# Proof Verification: Show that every compact metrizable space has a countable basis

It would be appreciated if someone could review my proof for accuracy. Thanks!

Show that every compact metrizable space has a countable basis

Proof:

Let X be a compact metrizable space. Then let d be a metric that induces the topology on X. Let A$$_n$$ = { B$$_d$$(x,1\n) | x $$\in$$ X, n$$\in$$ Z$$_+$$ }. Then each A$$_n$$ is an open covering of X. Since X is compact, each A$$_n$$ has a finite subcovering, call this subcovering A$$'_n$$.

Then $$B'$$ = $$\bigcup$$A$$'_n$$ is a countable set as it is the countable union of finite sets. $$B'$$ is also our desired countable basis since:

Given the original, uncountable basis, $$B$$, we have that for any basis element $$B_i$$ $$\in$$ $$B$$, and for any x $$\in$$ $$B_i$$, there must be some open $$\epsilon$$-ball such that B(x,$$\epsilon$$) $$\subset$$ $$B_i$$.

Now we can take $$N$$ such that 1/$$N$$ $$\lt$$ $$\epsilon$$/2. Then for all $$A'_n$$ for n $$\gt$$ N we have that each $$A'_n$$ must be an open covering of X and hence must have some open ball centered around some y $$\in$$ X such that x$$\in$$ B(y,1/n). Then B(y,1/n) $$\subset$$ $$B_i$$ since suppose some z $$\in$$ X - $$B_i$$ was contained within B(y,1/n). Then we would have:

$$d(x,z) \le d(x,y) + d(y,z)$$ $$= d(x,z) \lt \epsilon/2 + \epsilon/2 = \epsilon$$

But B(x,$$\epsilon$$) was chosen to be completely contained within $$B_i$$. Hence z cannot be an element of B(x,$$\epsilon$$), so we have a contradiction and so z cannot be an element of B(y,1/n). Hence B(y,1/n) $$\subset$$ $$B_i$$.

So, $$B'$$ is finer than the original basis $$B$$. The reverse inclusion is clear since the collection of $$\epsilon$$ balls for $$\epsilon$$ $$\lt$$ 1 form an equivalent basis for X. These $$\epsilon$$ balls are clearly contained within our proposed countable basis $$B'$$.

Hence $$B'$$ is a countable basis for X.

I dont understand why you use the original $$B$$. You have to show that $$\bigcup_nA'_n$$ is a basis.
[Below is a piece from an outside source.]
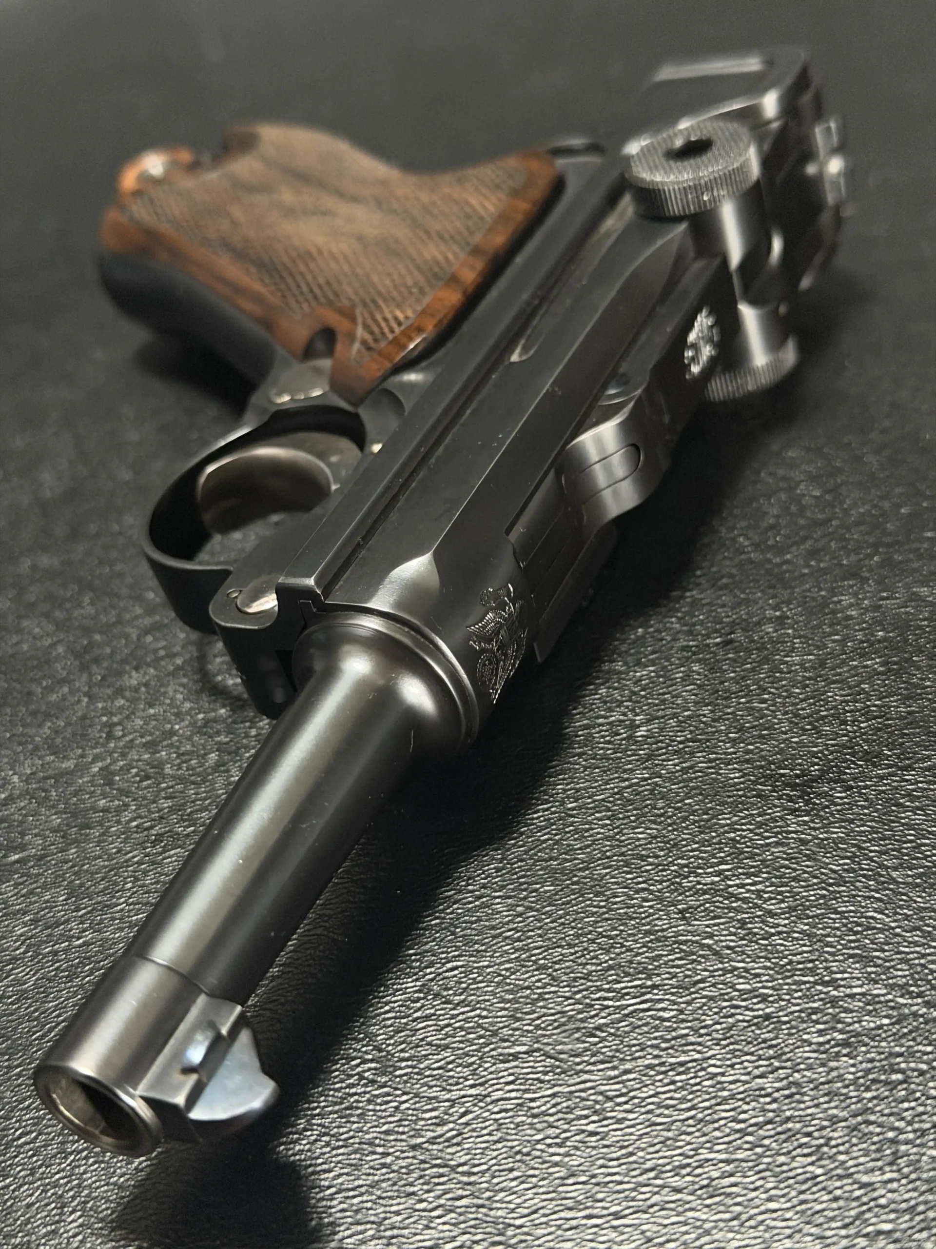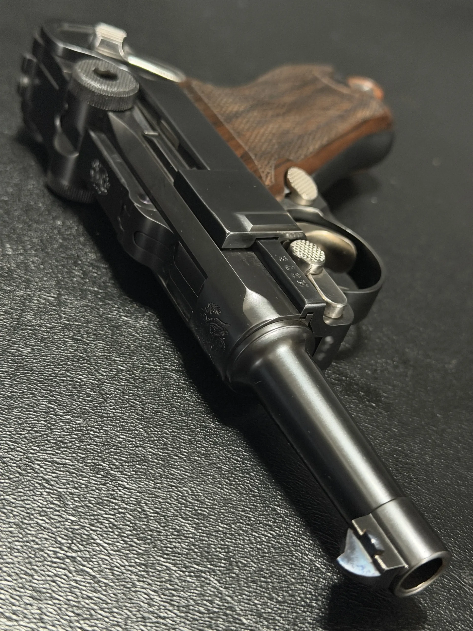 This “Baby” configuration features a compact profile, a re-contoured barrel, and carefully refined proportions that give the pistol a balanced, purposeful look. The shortened format highlights the sculptural lines of the frame while preserving the unmistakable silhouette of the classic toggle-lock design.

This is equivalent to saying that for every open subset $$U$$ and $$x\in U$$, there exists $$n$$ such that $$x\in B(x_n,1/n)$$ where $$B(x_n,1/n)$$ is an element of $$A'_n$$ and $$B(x_n,1/n)\subset U$$.
To show that since $$U$$ is open, there exists $$r>0$$ such that $$B(x,r)\subset U$$, take $${1\over{n}}<{r\over 4}$$. There exists $$B(x_n,1/n)$$ such that $$x\in B(x_n,1/n)$$. For every $$y\in B(x_n,1/n)$$, $$d(x,y)\leq d(x,x_n)+d(x_n,y)\leq {2\over n} since $${1\over n}<{r\over 4}$$.We deduce that $$y\in B(x,r)$$ and $$B(x_n,1/n)\subset B(x,r)\subset U$$.